Systemic antibiotic therapy can be provided and is particularly important where there is a risk of corneal perforation.
Anticollagenase therapy is essential to treat melting ulcers, where there is progressive dissolution of the corneal stromal collagen by proteases. Protease enzymes may be produced by some bacteria, devitalised corneal epithelial cells and fibroblasts, polymorphonuclear leukocytes and possibly some fungi. Although the efficacy of collagenase inhibitors in canine ulcerative keratitis is questionable, agents such as acetyl-cysteine, disodium EDTA, heparin, sodium citrate, and cold serum or plasma (containing µ2-macroglobulins) have all been advocated in the management of progressive stromal ulcers. Initially, after samples have been taken for cytology and microbiology, the ulcer may be cleansed with dilute (e.g., 1:20-1:50) povidone-iodine solution in sterile saline in order to reduce the burden of bacteria, and remove debris containing devitalised corneal cells and PMNs which may all contribute to further melting.

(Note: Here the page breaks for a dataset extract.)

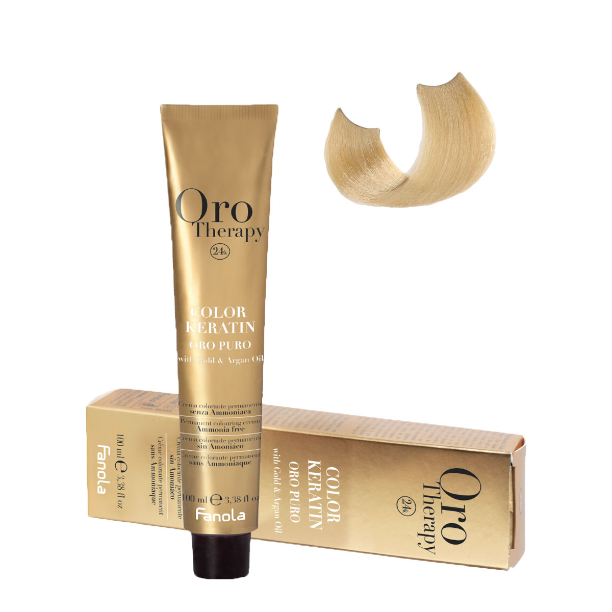 Безаммиачный краситель Fanola Orotherapy c кератином, маслом арганы и активными микрочастицами золота придает волосам стойкий оттенок, ухаживает за ними, уплотняя по всей длине.

In all ulcer situations the possible complication of uveitis should always be considered and therapeutic measures taken. Topical 1% atropine relieves ciliary spasm and reduces the risk of posterior synechiae formation. Systemic NSAIDs are also used.
CONCLUSION
Corneal epithelium loves to repair and it will do so very rapidly given the right kind of environment. It is the loss of stromal tissue and the associated activity of collagenase and protease enzymes which complicate the simple ulcer and can lead to rupture and loss of eye. Collagenase inhibition is a significant part of therapy and the use of the conjunctival pedicle flap will often turn potential disaster into success.